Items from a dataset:
____
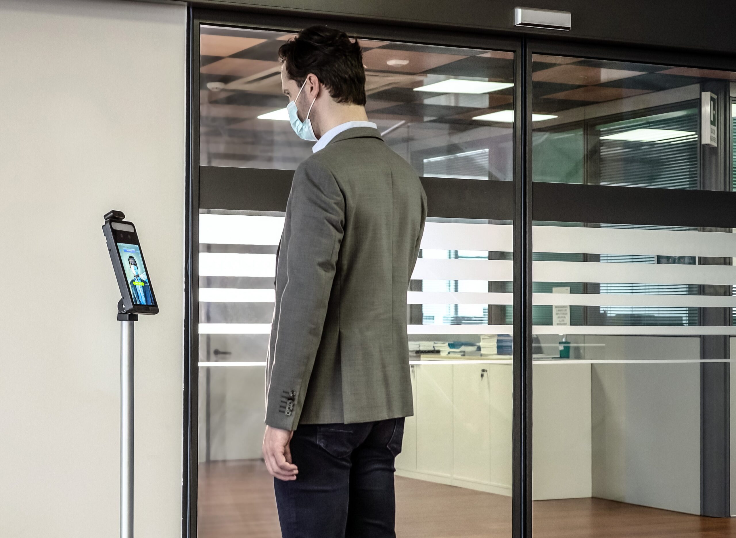 termoscannerQuando ci si presenta davanti all’ingresso automatico, grazie alle istruzioni date dalla guida vocale, viene eseguito una scansione del volto che rileva, senza bisogno alcun contatto fisico e senza l’ausilio di personale preposto, se la temperatura corporea è al di sotto dei 37,5° e se la persona indossa correttamente la mascherina. Solo nel caso in cui entrambi i requisiti di legge siano rispettati l’ingresso viene consentito tramite un segnale luminoso e vocale.
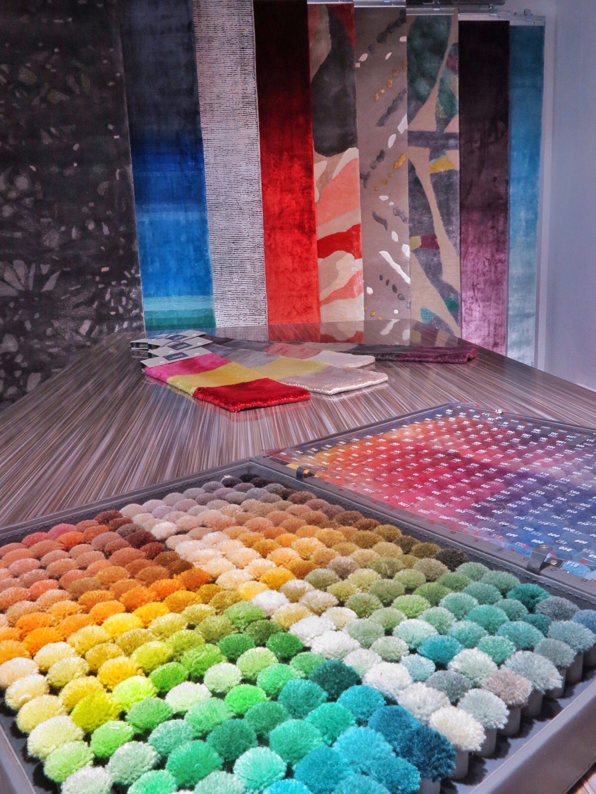 Au rez-de-chaussé, les tapis sont exposés comme des toiles tendues à même le mur ou sur de grands rails coulissants ainsi les 80 références sont mis en valeur tous les quinze jours grâce à une nouvelle mise en scène.
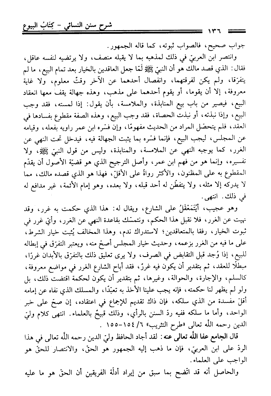 قَالَ الجامع عفا الله تعالى عنه: فقد أجاد الحافظ وليّ الدين رحمه الله تعالى فِي هَذَا الردّ عَلَى ابن العربي، فإن ما ذهب إليه الجمهور هو الحقّ، والانتصار للحقّ هو الواجب عَلَى العلماء.
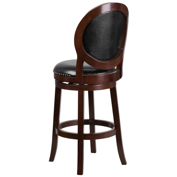Best Pirce ???? Flash Furniture TA-550130-CA-GG Cappuccino Wood Bar Height Oval Back Stool With Black Leather Swivel Seat ❤️
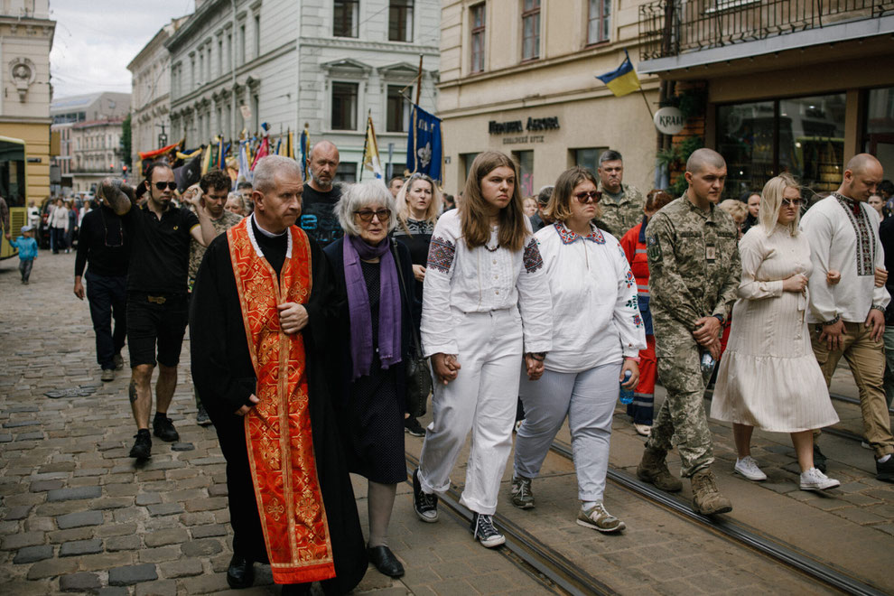 Ich lebe in der Realität des Sieges. Als ich diese Jungs sah, wurde mir klar, dass Gewinner so aussehen. Und im eigenen Land zu kämpfen ist ein Sieg. Und der Westen, die westlichen Politiker reden vom Sieg. Erstens können sie nicht verstehen, warum wir noch am Leben sind. Warum es in drei Tagen keinen Blitzkrieg in Kyjiw gab, und die [russische] Armee kaum vorrückte. Ich lebe in der Realität des Sieges. Ich lebe auch in der Realität der Auferstehung. Ich bitte die Priester immer, "Christus ist auferstanden" zu singen und nicht "Ewiges Gedächtnis". Weil ich jetzt ein bisschen nicht verstehe, was "Ewiges Gedächtnis" bedeutet, habe ich jetzt Probleme mit meinem Gedächtnis, aber ich habe keine Probleme mit der Auferstehung.
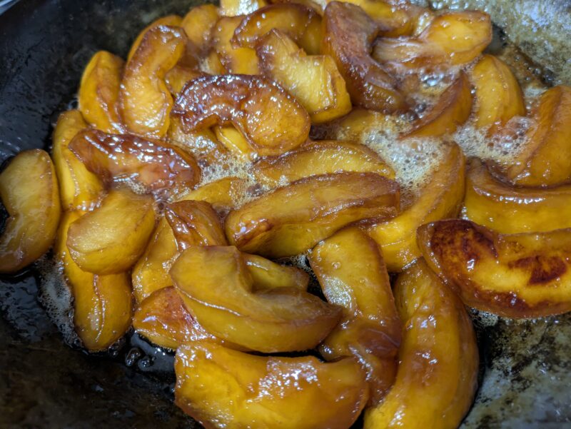 フライパンに砂糖と水大さじ1(分量外)を入れ、中火で濃いめのキャラメル色になるまで加熱。
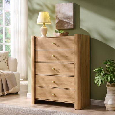 Modern 5 Drawer Dresser with Curved Profile 39.6 "Tall Wooden Chest with Golden Metal Handles Storage Cabinet for Bedroom Living Room Hallway
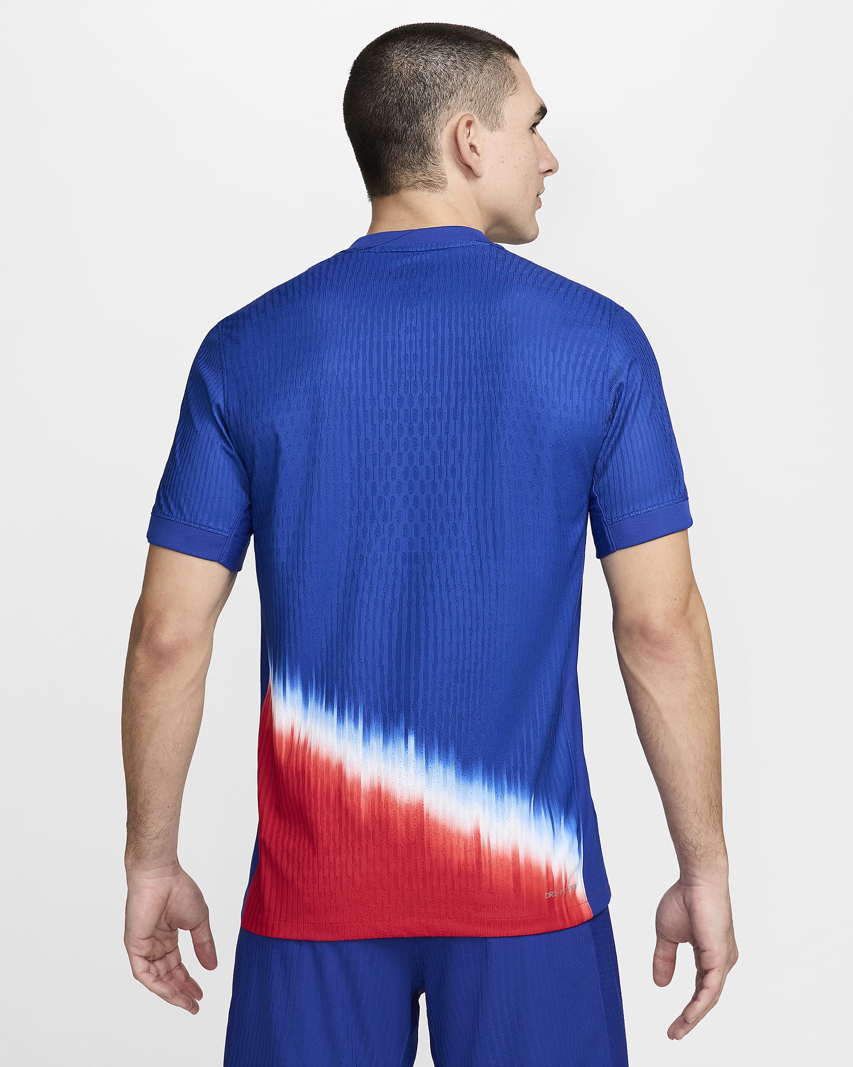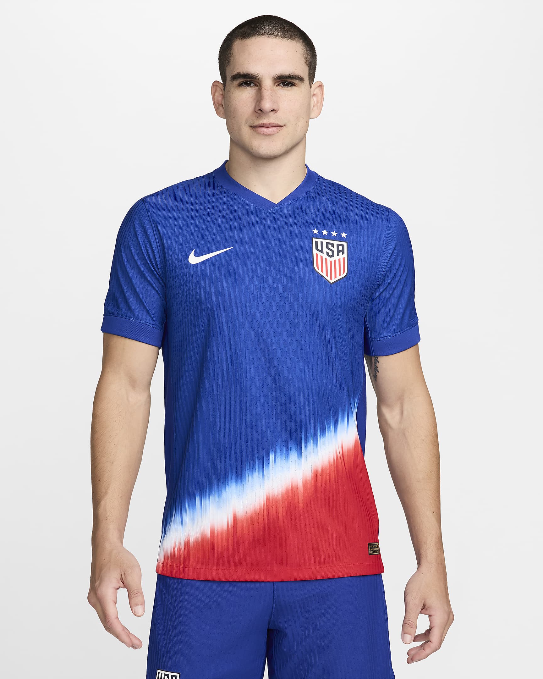 The latest Nike change shirt for the United States of America (USA) is in “Old Royal [blue]”, “Sport Red” and white and incorporates a tie-dye effect in its styling.
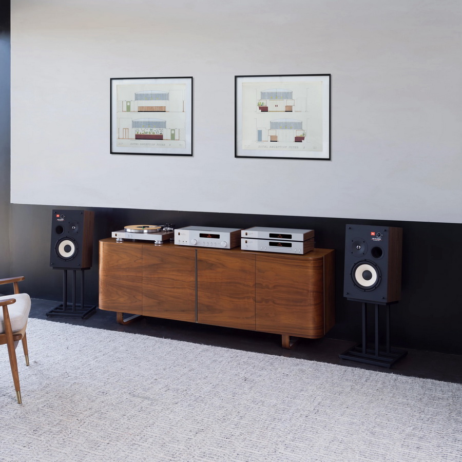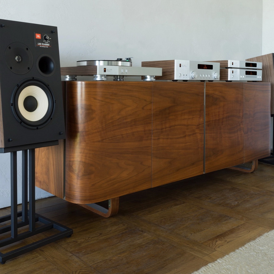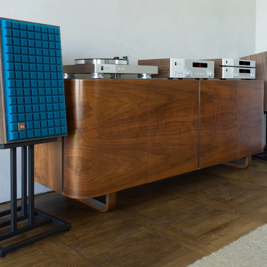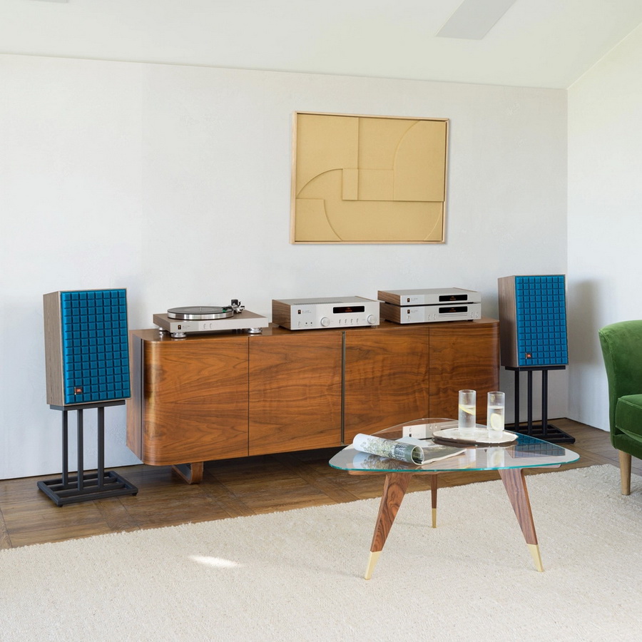 Акустическая система JBL L82 Classic MkII имеет корпус из сатинированного шпона орехового дерева, и эффектную защитную решетку из пеноматериала Quadrex, доступную в черном, оранжевом или синем цвете.
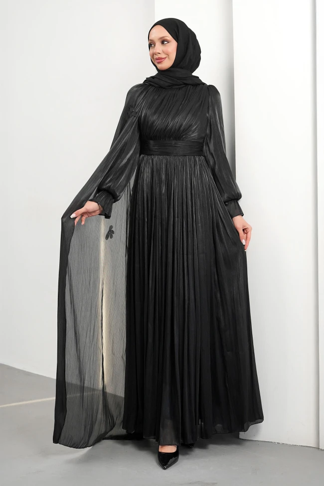 * Ürün Detay :Abiye modelimiz modest bir çizgide oldukça zarif bir görünüm sunuyor.Elbisenin tamamında kullanılan dikey plise detayları, boyu olduğundan daha uzun göstermek için harika bir illüzyon sağlıyor. Beldeki kalın kuşak detayı, vücut hatlarını zarifçe belirginleştirerek proporsiyonu dengeliyor.Omuzdan aşağıya doğru süzülen şifon pelerin detayı, elbiseye hareket ederken uçuş uçuş bir görünüm sağlayarak asalet katıyor.
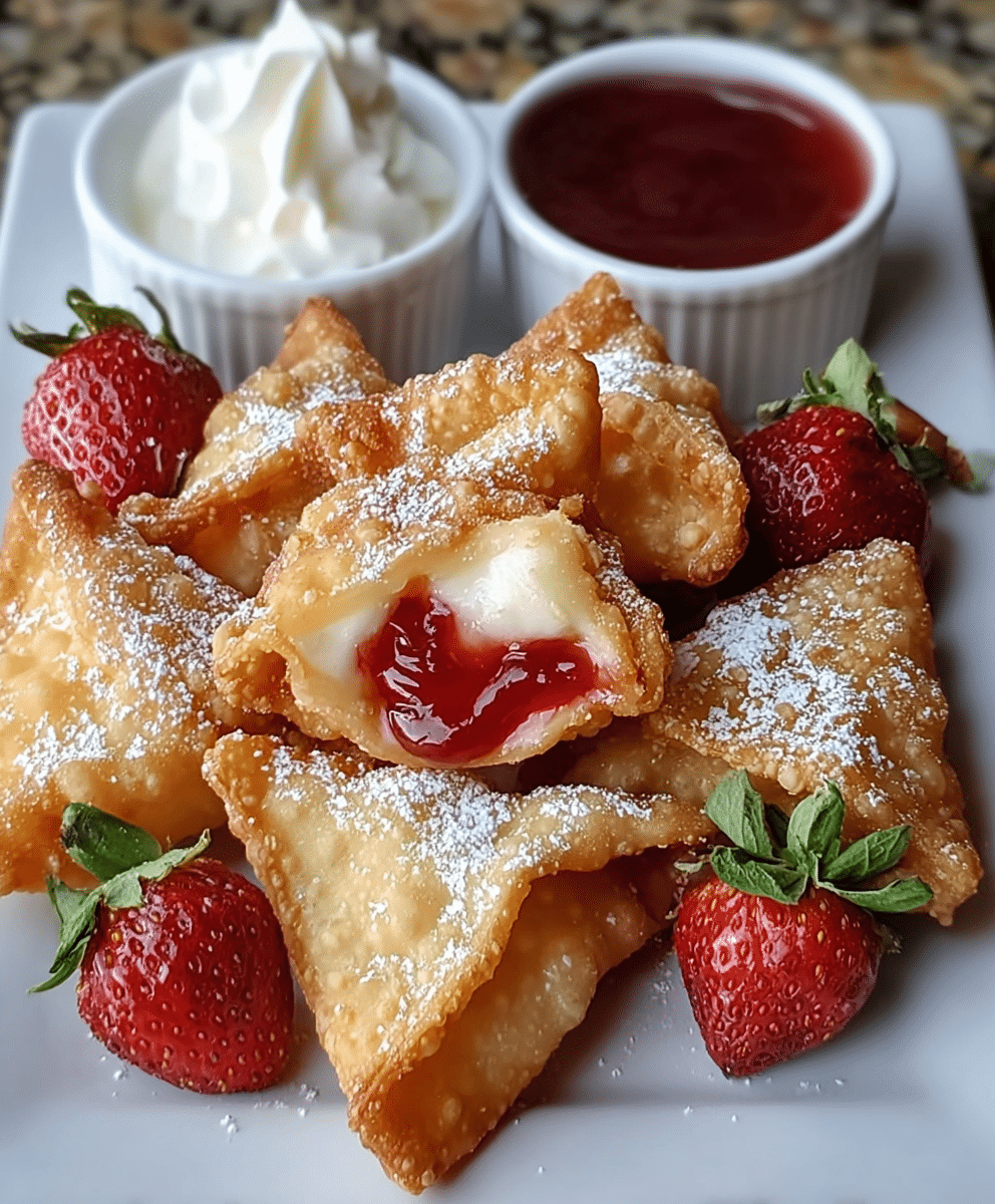 Deep-Fried Strawberry Cheesecake Stuffed Wonton Bites are crispy on the outside and filled with a creamy, strawberry-filled center, perfect for dessert!
____
=== ASSIGNED TASK ===
Repeat the entries exactly, without pictures.

=== WORKED SOLUTION ===
 termoscannerQuando ci si presenta davanti all’ingresso automatico, grazie alle istruzioni date dalla guida vocale, viene eseguito una scansione del volto che rileva, senza bisogno alcun contatto fisico e senza l’ausilio di personale preposto, se la temperatura corporea è al di sotto dei 37,5° e se la persona indossa correttamente la mascherina. Solo nel caso in cui entrambi i requisiti di legge siano rispettati l’ingresso viene consentito tramite un segnale luminoso e vocale.
 Au rez-de-chaussé, les tapis sont exposés comme des toiles tendues à même le mur ou sur de grands rails coulissants ainsi les 80 références sont mis en valeur tous les quinze jours grâce à une nouvelle mise en scène.
 قَالَ الجامع عفا الله تعالى عنه: فقد أجاد الحافظ وليّ الدين رحمه الله تعالى فِي هَذَا الردّ عَلَى ابن العربي، فإن ما ذهب إليه الجمهور هو الحقّ، والانتصار للحقّ هو الواجب عَلَى العلماء.
Best Pirce ???? Flash Furniture TA-550130-CA-GG Cappuccino Wood Bar Height Oval Back Stool With Black Leather Swivel Seat ❤️
 Ich lebe in der Realität des Sieges. Als ich diese Jungs sah, wurde mir klar, dass Gewinner so aussehen. Und im eigenen Land zu kämpfen ist ein Sieg. Und der Westen, die westlichen Politiker reden vom Sieg. Erstens können sie nicht verstehen, warum wir noch am Leben sind. Warum es in drei Tagen keinen Blitzkrieg in Kyjiw gab, und die [russische] Armee kaum vorrückte. Ich lebe in der Realität des Sieges. Ich lebe auch in der Realität der Auferstehung. Ich bitte die Priester immer, "Christus ist auferstanden" zu singen und nicht "Ewiges Gedächtnis". Weil ich jetzt ein bisschen nicht verstehe, was "Ewiges Gedächtnis" bedeutet, habe ich jetzt Probleme mit meinem Gedächtnis, aber ich habe keine Probleme mit der Auferstehung.
 フライパンに砂糖と水大さじ1(分量外)を入れ、中火で濃いめのキャラメル色になるまで加熱。
 Modern 5 Drawer Dresser with Curved Profile 39.6 "Tall Wooden Chest with Golden Metal Handles Storage Cabinet for Bedroom Living Room Hallway
 The latest Nike change shirt for the United States of America (USA) is in “Old Royal [blue]”, “Sport Red” and white and incorporates a tie-dye effect in its styling.
 Акустическая система JBL L82 Classic MkII имеет корпус из сатинированного шпона орехового дерева, и эффектную защитную решетку из пеноматериала Quadrex, доступную в черном, оранжевом или синем цвете.
 * Ürün Detay :Abiye modelimiz modest bir çizgide oldukça zarif bir görünüm sunuyor.Elbisenin tamamında kullanılan dikey plise detayları, boyu olduğundan daha uzun göstermek için harika bir illüzyon sağlıyor. Beldeki kalın kuşak detayı, vücut hatlarını zarifçe belirginleştirerek proporsiyonu dengeliyor.Omuzdan aşağıya doğru süzülen şifon pelerin detayı, elbiseye hareket ederken uçuş uçuş bir görünüm sağlayarak asalet katıyor.
 Deep-Fried Strawberry Cheesecake Stuffed Wonton Bites are crispy on the outside and filled with a creamy, strawberry-filled center, perfect for dessert!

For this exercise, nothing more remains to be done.